Flat Broke MTL’s hitting the road this summer in one big social experiment: can people make it out there without money? You’ll have to watch the web series to find out.

Cristine L and Ashly Gatto-Cussen of Flat Broke MTL

You haven’t been broke (or lived, for that matter) until you’ve peed on a guy for a couple hundred bucks.

This is one of many tales stemming from the adventures of Cristine L, a seriously resourceful Pointe-dwelling, perpetually unemployed but well-traveled 23-year-old who is the voice of Flat Broke MTL.

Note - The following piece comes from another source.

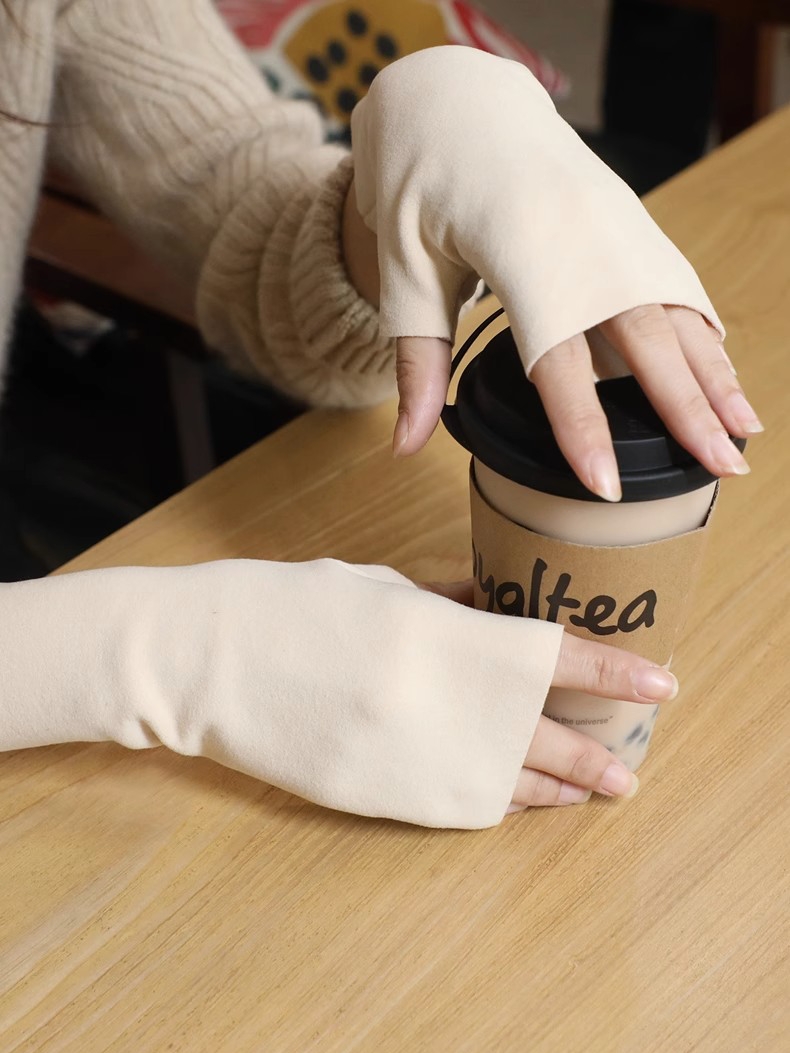 Winter Long Fingerless Gloves, Warm Half-Finger Gloves for Writing

She started the blog, where she posts ways for Montrealers to get by in the city with little to no dinero, three years ago. Video game tester? Why not. Focus groups? Let’s talk about cheese for three hours. Dumpster diving? A recent (and so far successful) discovery. Research study guinea pig? Yep. “I’ve gotten drunk for science,” she says.

L is disarmingly honest when we finally meet one day at the Atwater Market. Though it’s our first encounter, one of the first things she tells me is that she suffers from a mélange of serious anxiety problems, depression and ADD that makes it difficult for her to hold a job down. So instead, she’s about to start a creative writing program at UQAM that, even before beginning, she figures she’ll drop out of eventually.

But the self-defeating dissipates when we talk about the real reason we’re meeting: her forthcoming web series. She and Ashly Gatto-Cussen, her 27-year-old roommate and BFF, plan to go to Europe this summer with the intention of doing everything possible not to spend any money (and maybe everything possible to make money — email them if you have any tips). Their vagabond adventures will be the source material for the series, to be edited and ready for public consumption after they return in the fall.

Flat Broke MTL, and the web series borne of it, are an attempt at answering a common question: can people make it out there without money? Projects like One Red Paperclip and similar efforts may lead you to believe it’s really not all that hard, and maybe L and Gatto-Cussen’s web series will, too.

The move is strategic for L. As an aspiring filmmaker, she wanted to do something more creative than blogging and “instead of having only student films to my name,” she says. She had maintained a travel blog before, partially to recount her adventures on a near-three-month trip to California during which her purse was stolen just two weeks in. That she stayed on and winged it speaks to a resourcefulness that makes Flat Broke MTL a true extension of herself.

Her reluctance to enter the workforce has drawn the ire of some critics on her blog and on social media platforms like Reddit; she notes the flack she got for posting about food banks (to which she replies: “If you think people go to food banks for fun, you’ve obviously never needed to go to one”). Despite her flaws and hang-ups, though, she at least knows how to play to her strengths — writing, film production and editing, traveling and knowing how to be broke but not broken.

“It’s all things that I know. I can’t fuck up,” L says. “And if I do fuck up, at least it’s good television. Or Internet.”